Merkle Proof Token
Merkle Proof Token
Feb 4, 2026
Introduction by Metro Gnome
The simple idea
There needs to be a token that lives within the native Bitcoin architecture, enabling all the advantages SPV, while removing all the overhead of managing the token itself.
Every token set begins with a genesis mint transaction. Once mined into a block, this becomes the immutable anchor for all the tokens in that mint. The chain is "the single source of truth" and SPV, the supersonic highway back to genesis.
Use cases
Blockchain gaming
Tokens can be used in a multiplayer blockchain game. If NFTs were considered to be keys, then these "keys" could be used to unlock "doors" within the game.
Content delivery
Books, music, films can be locked within or behind and NFT. Ensuring that only the legitimate owner of the NTF can access the contents.
Retail transactions
Both the fungible and non fungible form of MPT enables invoices, receipts or documents to be attached to a token.
NFT coupons
NFT coupons can be created by a retailer and sent to their customers. Coupons can be programmed to be non transferable or only valid within a certain time window.
Loyalty cards
A transparent and tamper proof loyalty point card could be minted by a retailer and distributed to customers.
Overview
The Merkle Proof Token (MPT) is a token protocol on BSV mainnet that uses P2PKH outputs for ownership and OP_RETURN outputs for metadata. Token validity is proven exclusively through Merkle proofs and block headers (SPV), with no dependency on UTXO lookups, indexers, or trusted third parties for verification.

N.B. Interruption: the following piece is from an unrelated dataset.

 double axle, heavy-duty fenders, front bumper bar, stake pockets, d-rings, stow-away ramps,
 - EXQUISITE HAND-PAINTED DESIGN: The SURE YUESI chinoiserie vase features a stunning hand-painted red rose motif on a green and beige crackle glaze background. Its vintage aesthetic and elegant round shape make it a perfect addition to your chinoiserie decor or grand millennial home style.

MPT supports two token modes:
NFT Mode: Each 1-sat output has a unique Token ID based on its genesis output index. Suitable for non-fungible tokens, collectibles, and divisible token fragments.
Fungible Mode: All UTXOs share a single Token ID (genesisOutputIndex fixed at 1). Each satoshi equals one token unit. Multiple UTXOs form a "basket" that can be split and merged through transfers.
SPV Token Verification
An MPT token can be verified using only three pieces of data: the Token ID, the genesis transaction ID, and a block header.
Token ID Derivation
The Token ID is a single SHA-256 hash over the concatenation of:
genesisTxId: 32 bytes, the hash of the genesis transactionoutputIndex LE: 4 bytes little-endian, the P2PKH output index in the genesis TX (starts at 1; output 0 is OP_RETURN)immutableChunkBytes: The raw pushdata bytes of tokenName, tokenScript, and tokenRules concatenated in orderImportant: tokenAttributes is mutable and NOT included in the Token ID. This allows tokenAttributes to be updated on each transfer without affecting token identity.

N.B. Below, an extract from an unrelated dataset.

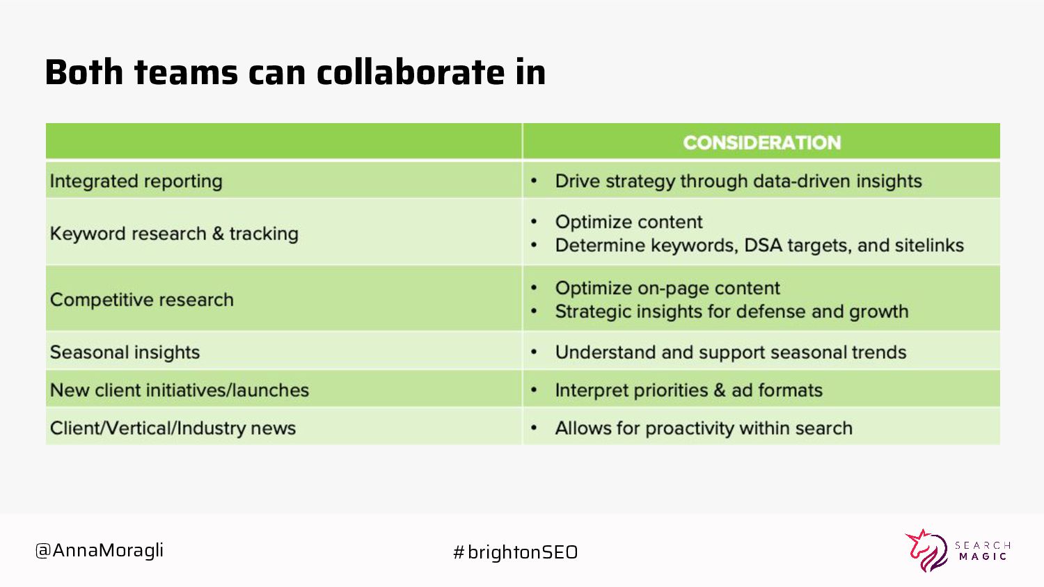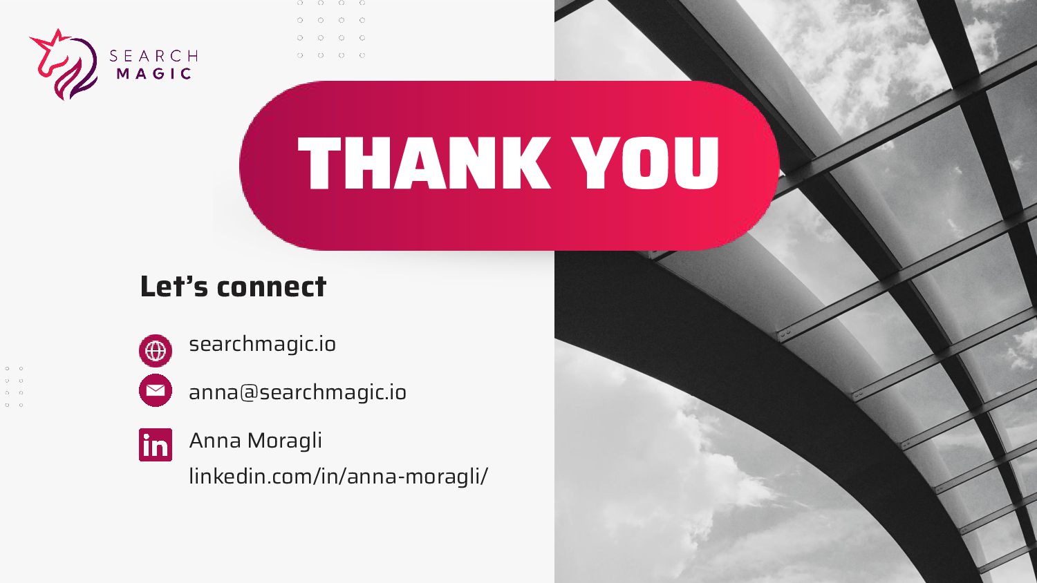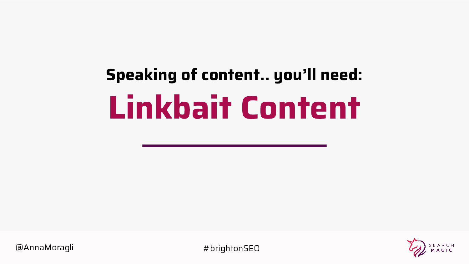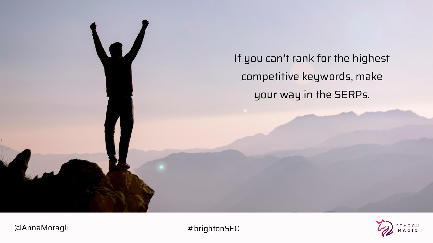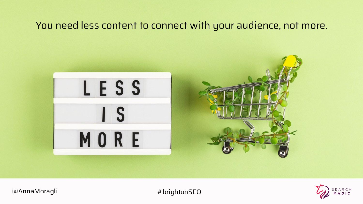 cards Take a picture Post on social Tag @searchmagic Enter the Giveaway Take a picture of your badge with your name and Search Magic’s logo visible Tag @searchmagic and use #BrightonSEO Post the photo on Instagram stories 5 lucky winners will get Amazon gift cards @AnnaMoragli #brightonSEO

This is a purely local computation. No network access is required. If any immutable field has been tampered with, the recomputed Token ID will not match the claimed one.

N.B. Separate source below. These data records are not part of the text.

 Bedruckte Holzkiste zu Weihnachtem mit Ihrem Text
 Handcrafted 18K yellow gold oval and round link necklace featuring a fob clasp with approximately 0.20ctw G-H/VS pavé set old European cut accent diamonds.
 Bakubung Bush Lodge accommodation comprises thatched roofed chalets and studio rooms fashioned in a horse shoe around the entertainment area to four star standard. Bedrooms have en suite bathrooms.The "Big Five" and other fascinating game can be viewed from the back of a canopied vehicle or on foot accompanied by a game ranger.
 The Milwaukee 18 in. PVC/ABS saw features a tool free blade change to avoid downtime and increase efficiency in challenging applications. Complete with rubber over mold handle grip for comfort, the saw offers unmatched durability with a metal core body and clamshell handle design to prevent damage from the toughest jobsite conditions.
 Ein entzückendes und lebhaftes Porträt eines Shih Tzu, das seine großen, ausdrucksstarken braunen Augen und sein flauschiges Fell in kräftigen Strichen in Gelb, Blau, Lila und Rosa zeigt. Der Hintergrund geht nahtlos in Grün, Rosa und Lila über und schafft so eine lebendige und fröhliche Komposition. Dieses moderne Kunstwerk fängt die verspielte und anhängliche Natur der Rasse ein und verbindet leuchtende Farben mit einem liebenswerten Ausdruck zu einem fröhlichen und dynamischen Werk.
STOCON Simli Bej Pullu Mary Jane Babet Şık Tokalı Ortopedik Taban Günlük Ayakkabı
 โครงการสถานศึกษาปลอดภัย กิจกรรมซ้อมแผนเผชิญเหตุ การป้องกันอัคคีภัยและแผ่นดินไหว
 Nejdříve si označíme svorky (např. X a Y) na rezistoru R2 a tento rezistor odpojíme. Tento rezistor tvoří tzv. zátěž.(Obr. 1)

Technical Note on Chunk Indices
The OP_RETURN script contains OP_0 and OP_RETURN opcodes at positions [0] and [1]. When parsing the OP_RETURN data, these opcodes are stripped, creating an index offset:
Encoder perspective: chunks [2], [3], [4], [5] contain the token data
Parser perspective: chunks [0], [1], [2], [3] contain the same token data (offset by 2)
This distinction is critical for understanding the codec implementation and how token data is serialized and deserialized.
Merkle Proof Verification
Given the genesis transaction ID, the verifier obtains its Merkle proof -- an ordered list of sibling hashes that, combined with the transaction hash, reproduce the block's Merkle root.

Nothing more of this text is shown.